* _EXTRACTED INFORMATION_

────────────────

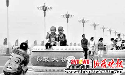 | 7月29日,山西临汾市锣鼓大桥竣工通车,市民赶来参观留影。 |
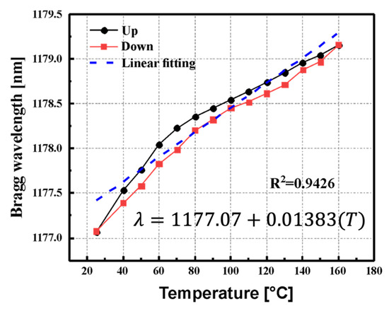Figure 5 shows the Bragg wavelength shift for the FBG-1177 nm as temperature increased from 26 °C to 160 °C and back. A shift of approximately 2.02 nm is measured, corresponding to a thermal sensitivity of 15.07 pm/°C. A hysteresis of ~0.24 nm is observed when the temperature decreases. It is important to recall that the wavelength shift generated by the FBG is related to the thermal expansion coefficient (0.55 × 10−6/°C) and the thermo-optic coefficient (8.6 × 10−6/°C) of silica optical fiber []. In addition, these fibers can withstand significant thermal variations without damage [].
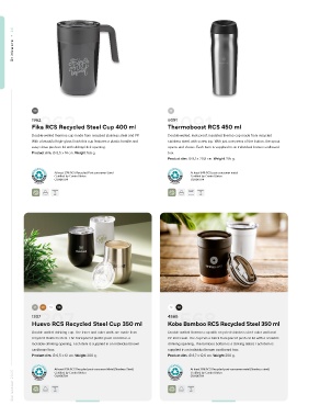 recycled stainless steel. The transparent plastic push-on lid has a PP inner wall. The cup has a black transparent push-on lid with a sealable
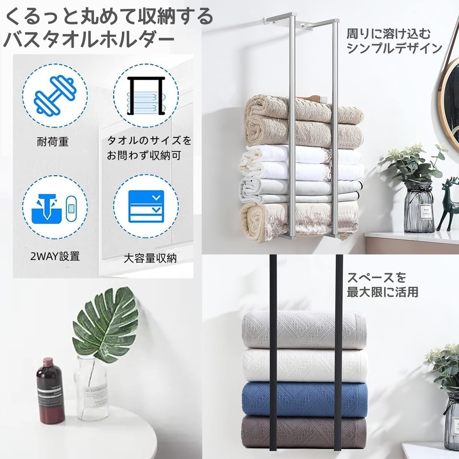 【幅広い用途】このタオル掛け 壁取り付けは省スペースで、バスルームのスペースを取りすぎず、タオル、バスタオル、ヨガタオルなどを収納できます。バスルーム、ホテル、サロン、ランドリールームなどの場所に適しています。
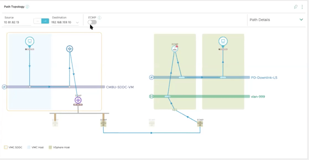 Even better, you can see the traffic from a VM on VMC accessing a VM on-prem like in the picture below. You need the ability to add the DX customer router as a data source to see this path – I didn’t have the ability to do this in my lab so I borrowed this picture from Martijn.
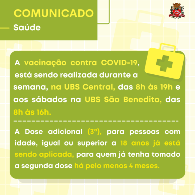 A Prefeitura de Novo Horizonte, através da Secretaria de Saúde, informa que a vacinação contra COVID 19, durante a semana, está sendo realizada apenas na UBS central, das 8h às 19h, para garantir o melhor controle das doses remanescentes e estoque, pois após a abertura do frasco, a mesma só pode ser utilizada dentro do período de 6h, e aos sábados a vacinação permanece na UBS São Benedito das 8h às 16h. As dozes adicionais (3ª) já estão sendo aplicadas, para quem já tenha tomado a segunda dose há pelo menos 4 meses.
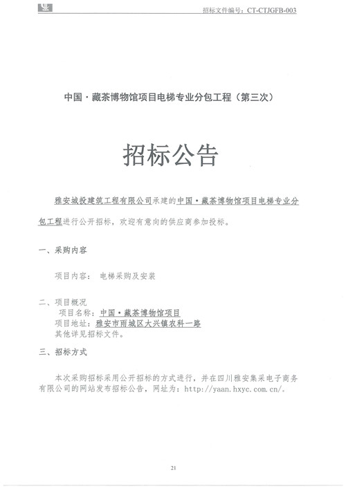 城投建工公司中國·藏茶博物館項目電梯專業(yè)分包工程招標(biāo)公告(第三次)

────────────────

* _DIRECTIONS FOR THIS TASK_
Give each record above back word for word, but carry over none of the pictures.

* _SOLUTION FOR THIS PROBLEM_
 | 7月29日,山西临汾市锣鼓大桥竣工通车,市民赶来参观留影。 |
Figure 5 shows the Bragg wavelength shift for the FBG-1177 nm as temperature increased from 26 °C to 160 °C and back. A shift of approximately 2.02 nm is measured, corresponding to a thermal sensitivity of 15.07 pm/°C. A hysteresis of ~0.24 nm is observed when the temperature decreases. It is important to recall that the wavelength shift generated by the FBG is related to the thermal expansion coefficient (0.55 × 10−6/°C) and the thermo-optic coefficient (8.6 × 10−6/°C) of silica optical fiber []. In addition, these fibers can withstand significant thermal variations without damage [].
 recycled stainless steel. The transparent plastic push-on lid has a PP inner wall. The cup has a black transparent push-on lid with a sealable
 【幅広い用途】このタオル掛け 壁取り付けは省スペースで、バスルームのスペースを取りすぎず、タオル、バスタオル、ヨガタオルなどを収納できます。バスルーム、ホテル、サロン、ランドリールームなどの場所に適しています。
 Even better, you can see the traffic from a VM on VMC accessing a VM on-prem like in the picture below. You need the ability to add the DX customer router as a data source to see this path – I didn’t have the ability to do this in my lab so I borrowed this picture from Martijn.
 A Prefeitura de Novo Horizonte, através da Secretaria de Saúde, informa que a vacinação contra COVID 19, durante a semana, está sendo realizada apenas na UBS central, das 8h às 19h, para garantir o melhor controle das doses remanescentes e estoque, pois após a abertura do frasco, a mesma só pode ser utilizada dentro do período de 6h, e aos sábados a vacinação permanece na UBS São Benedito das 8h às 16h. As dozes adicionais (3ª) já estão sendo aplicadas, para quem já tenha tomado a segunda dose há pelo menos 4 meses.
 城投建工公司中國·藏茶博物館項目電梯專業(yè)分包工程招標(biāo)公告(第三次)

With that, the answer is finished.